On Thursday, 25 May 2023 at 02:30:35 UTC, Steven Schveighoffer 
wrote:
> On 5/24/23 7:04 PM, Cecil Ward wrote:
>
>> Is it possible for our compilers to detect direct infinite 
>> recursion ? I’m ignoring the indirect call case, and I’m also 
>> ignoring anything involving function pointers, so given those 
>> restrictions, we will be able to see that the generated code 
>> of a routine is calling its own address, because that address 
>> is a literal and we know what the current function is that 
>> we’re currently in.
>
> Not in the general case. Direct recursion is a common pattern 
> (direct inifite recursion obviously is not desired, but 
> detecting that is the halting problem).
>
> -Steve

Understood, quite so. Indeed that’s why I kept it to ‘direct’. Is 
anyone up for helping me deal with that one limited case of 
direct straight loops ?

This one case could even be detected in a backend, for want of a 
better solution. Just one limited common pattern, when spotted in 
the machine code generation, on seeing the "l1: jmp l1" pattern, 
which is without content from any basic block in the body, when 
an unconditional jump target is put to the output, that match 
then spots the pattern and triggers the output of an error level 
message for the user in the error listing and prevents object 
file output. Of course a check at a much higher level for this 
one specific pattern would be far better.

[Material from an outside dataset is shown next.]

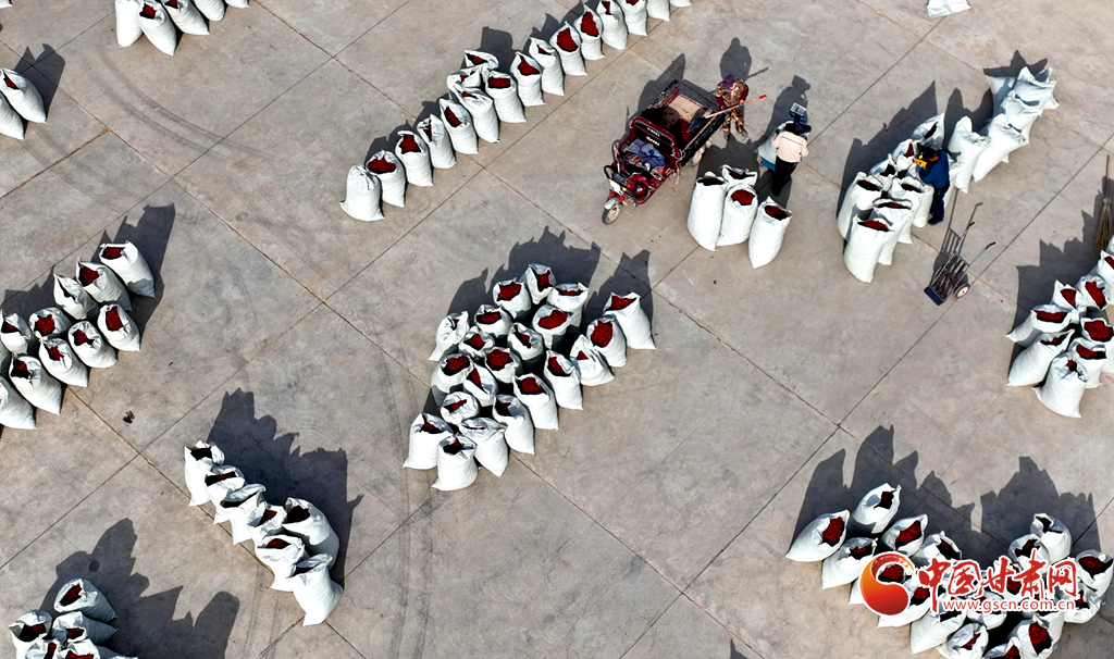 10月29日,張掖市臨澤縣新華鎮勝利村辣椒加工廠內,工人們正在為河南、山東的客商加工500噸紅辣椒干。

It’s only my own opinion, but it does seem a worthwhile specific 
error checking case to me, having been bitten by it for the first 
time, because I get any message at all. Spotting "l1: jmp l1" 
could be almost like a regex but I wouldn’t think that’s how 
things work. Nor I wouldn’t think that that’s necessarily the 
right place for such detection. There’s perhaps a ‘right’ place 
higher up. But I’m out of my depth with compiler innards here.

Would other users also like the safety of direct loop detection? 
Whether or not it comes from recursion, that is. A bad loop 
condition test too would be another case, where the compiler has 
worked out that the condition has a known boolean value.